I want every single elected representative worried we're going to drag them out of their homes.

This, honestly, is the only way we will get the R congress to impeach. They are so jazzed about lowering corporate taxes, sticking it to "those people", and disenfranchisement that they are willing to accept a cabal of Russian moles! The only thing at this point that might motivate them is fearing for their lives.
posted by benzenedream at 11:15 PM on February 13, 2017 [1 favorite]


We've 100 active people in our Indivisible group. None of us are being paid. And we're organized and are in this for the long haul.
posted by persona au gratin at 11:25 PM on February 13, 2017 [3 favorites]


Representative Katko R NY holds telephone town halls with a thousand people on the line. Worse is there is no set date or time- you have to register online and when he decides to have one you get a phone call.

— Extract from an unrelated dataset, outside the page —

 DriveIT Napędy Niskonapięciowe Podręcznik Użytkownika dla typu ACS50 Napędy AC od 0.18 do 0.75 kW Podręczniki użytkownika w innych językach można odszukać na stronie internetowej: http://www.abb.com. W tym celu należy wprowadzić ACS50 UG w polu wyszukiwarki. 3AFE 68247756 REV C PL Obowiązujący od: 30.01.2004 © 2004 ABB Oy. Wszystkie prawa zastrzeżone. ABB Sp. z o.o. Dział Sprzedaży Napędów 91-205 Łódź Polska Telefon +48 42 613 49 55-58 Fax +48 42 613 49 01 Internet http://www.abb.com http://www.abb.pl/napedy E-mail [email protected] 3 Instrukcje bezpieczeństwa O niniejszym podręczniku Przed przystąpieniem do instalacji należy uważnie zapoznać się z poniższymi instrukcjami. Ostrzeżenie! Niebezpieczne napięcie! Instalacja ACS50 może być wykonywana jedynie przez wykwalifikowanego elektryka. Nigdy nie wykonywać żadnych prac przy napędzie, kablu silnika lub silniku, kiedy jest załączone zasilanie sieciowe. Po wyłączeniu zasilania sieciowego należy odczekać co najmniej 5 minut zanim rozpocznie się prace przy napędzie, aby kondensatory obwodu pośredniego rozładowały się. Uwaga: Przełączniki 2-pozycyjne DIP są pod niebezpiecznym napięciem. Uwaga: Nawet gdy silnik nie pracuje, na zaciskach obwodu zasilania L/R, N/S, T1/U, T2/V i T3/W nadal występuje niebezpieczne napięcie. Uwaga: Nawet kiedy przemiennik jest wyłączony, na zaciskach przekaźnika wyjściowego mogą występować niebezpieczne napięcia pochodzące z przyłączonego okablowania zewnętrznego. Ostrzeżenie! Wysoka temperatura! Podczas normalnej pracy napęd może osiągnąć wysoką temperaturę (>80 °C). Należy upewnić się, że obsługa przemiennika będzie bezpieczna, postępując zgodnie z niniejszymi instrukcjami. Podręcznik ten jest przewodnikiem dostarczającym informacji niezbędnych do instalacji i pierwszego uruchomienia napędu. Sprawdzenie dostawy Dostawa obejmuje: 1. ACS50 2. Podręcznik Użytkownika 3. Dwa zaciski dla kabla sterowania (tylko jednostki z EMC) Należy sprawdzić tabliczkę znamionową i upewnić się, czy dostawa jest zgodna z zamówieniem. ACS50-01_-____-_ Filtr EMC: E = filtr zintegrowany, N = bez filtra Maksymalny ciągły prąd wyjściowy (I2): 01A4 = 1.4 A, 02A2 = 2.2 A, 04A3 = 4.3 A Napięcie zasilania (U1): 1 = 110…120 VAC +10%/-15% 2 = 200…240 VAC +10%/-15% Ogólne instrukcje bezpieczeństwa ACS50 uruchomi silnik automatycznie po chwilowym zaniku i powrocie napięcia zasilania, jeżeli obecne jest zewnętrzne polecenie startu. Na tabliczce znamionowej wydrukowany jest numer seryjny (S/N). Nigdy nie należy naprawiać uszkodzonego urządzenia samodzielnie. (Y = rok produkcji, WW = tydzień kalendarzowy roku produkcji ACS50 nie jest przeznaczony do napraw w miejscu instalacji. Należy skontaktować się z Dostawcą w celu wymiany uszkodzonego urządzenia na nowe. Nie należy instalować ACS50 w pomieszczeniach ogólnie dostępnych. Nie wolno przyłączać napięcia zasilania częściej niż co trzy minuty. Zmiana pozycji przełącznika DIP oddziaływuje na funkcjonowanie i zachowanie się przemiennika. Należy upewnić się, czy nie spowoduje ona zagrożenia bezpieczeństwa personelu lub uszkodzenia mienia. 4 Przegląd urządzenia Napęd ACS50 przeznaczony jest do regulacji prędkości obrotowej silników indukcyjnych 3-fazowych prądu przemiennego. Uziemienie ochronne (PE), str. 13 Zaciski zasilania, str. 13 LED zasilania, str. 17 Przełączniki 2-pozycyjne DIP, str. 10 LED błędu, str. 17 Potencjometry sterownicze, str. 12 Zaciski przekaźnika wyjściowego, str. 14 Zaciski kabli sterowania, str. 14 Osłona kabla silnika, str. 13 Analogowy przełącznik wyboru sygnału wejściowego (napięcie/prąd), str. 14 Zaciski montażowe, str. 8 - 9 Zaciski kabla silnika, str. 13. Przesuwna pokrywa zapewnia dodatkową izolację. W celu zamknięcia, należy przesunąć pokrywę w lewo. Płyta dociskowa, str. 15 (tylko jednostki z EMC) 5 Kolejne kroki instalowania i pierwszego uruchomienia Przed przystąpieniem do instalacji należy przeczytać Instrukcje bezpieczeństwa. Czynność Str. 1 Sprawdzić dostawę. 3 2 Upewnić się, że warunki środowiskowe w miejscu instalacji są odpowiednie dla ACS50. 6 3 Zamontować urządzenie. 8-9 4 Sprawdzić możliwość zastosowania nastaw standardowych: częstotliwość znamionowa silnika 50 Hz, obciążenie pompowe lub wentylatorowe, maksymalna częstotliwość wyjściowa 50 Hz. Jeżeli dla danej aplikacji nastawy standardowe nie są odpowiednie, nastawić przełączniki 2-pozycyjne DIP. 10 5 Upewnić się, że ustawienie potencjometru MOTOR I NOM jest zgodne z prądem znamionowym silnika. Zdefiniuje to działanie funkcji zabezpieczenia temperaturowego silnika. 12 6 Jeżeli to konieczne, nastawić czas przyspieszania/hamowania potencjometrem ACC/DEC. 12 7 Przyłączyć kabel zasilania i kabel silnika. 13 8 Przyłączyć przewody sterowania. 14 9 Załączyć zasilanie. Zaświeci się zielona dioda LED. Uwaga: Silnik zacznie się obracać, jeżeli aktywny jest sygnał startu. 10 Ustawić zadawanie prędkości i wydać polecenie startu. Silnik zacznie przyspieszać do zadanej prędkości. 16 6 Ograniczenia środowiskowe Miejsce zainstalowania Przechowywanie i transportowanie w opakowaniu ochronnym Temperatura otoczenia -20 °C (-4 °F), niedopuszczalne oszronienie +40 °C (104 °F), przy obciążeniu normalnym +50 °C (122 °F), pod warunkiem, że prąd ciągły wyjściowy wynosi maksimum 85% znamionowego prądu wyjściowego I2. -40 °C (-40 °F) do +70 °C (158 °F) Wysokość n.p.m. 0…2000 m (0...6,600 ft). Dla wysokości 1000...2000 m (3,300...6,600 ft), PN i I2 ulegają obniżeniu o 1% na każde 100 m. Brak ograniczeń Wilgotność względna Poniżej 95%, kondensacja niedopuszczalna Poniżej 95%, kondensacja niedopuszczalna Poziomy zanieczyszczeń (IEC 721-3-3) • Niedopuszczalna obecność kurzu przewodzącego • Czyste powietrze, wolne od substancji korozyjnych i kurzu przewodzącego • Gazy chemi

If you don't answer you've lost you turn.

Sounds like it may be more useful writing letters to the editor of their local newspapers.
posted by sebastienbailard at 12:10 AM on February 14, 2017


That assumes that there is a local paper, and that anyone reads it.
posted by ArbitraryAndCapricious at 12:30 AM on February 14, 2017


[The Tea Party] was a mass political movement that, like many movements, had elite support but was primarily driven by indivuals volunteering their time and energy to enact political change.

I'm sure that's true, but it ignores the real effect of organizations like Americans for Prosperity, whose annual spending is close to $90 million, and who were/are a major supporter of the Tea Party. Not to ignore the volunteers and their passion for political change, but "elite support" means huge resources and money that "left" organizations don't seem to have access to.
posted by sneebler at 8:16 AM on February 14, 2017 [8 favorites]


It was AFP's deep pockets that made it possible for all the Tea Partiers to do all the things they did instead of holding down actual jobs. Some of them figured out the game & turned it into their own little grift, taking in money from various sources & spending it back out on themselves instead of the movement.
posted by scalefree at 12:18 PM on February 14, 2017 [3 favorites]


See: Sarah Palin.
posted by Room 641-A at 1:00 PM on February 14, 2017 [1 favorite]


[The Tea Party] was a mass political movement that, like many movements, had elite support but was primarily driven by indivuals volunteering their time and energy to enact political change.
THAT IS THE MOST OBVIOUS "ALTERNATIVE FACT" (LIE) OF THE PAST TEN YEARS. Well, next to "Donald Trump is a Billionaire".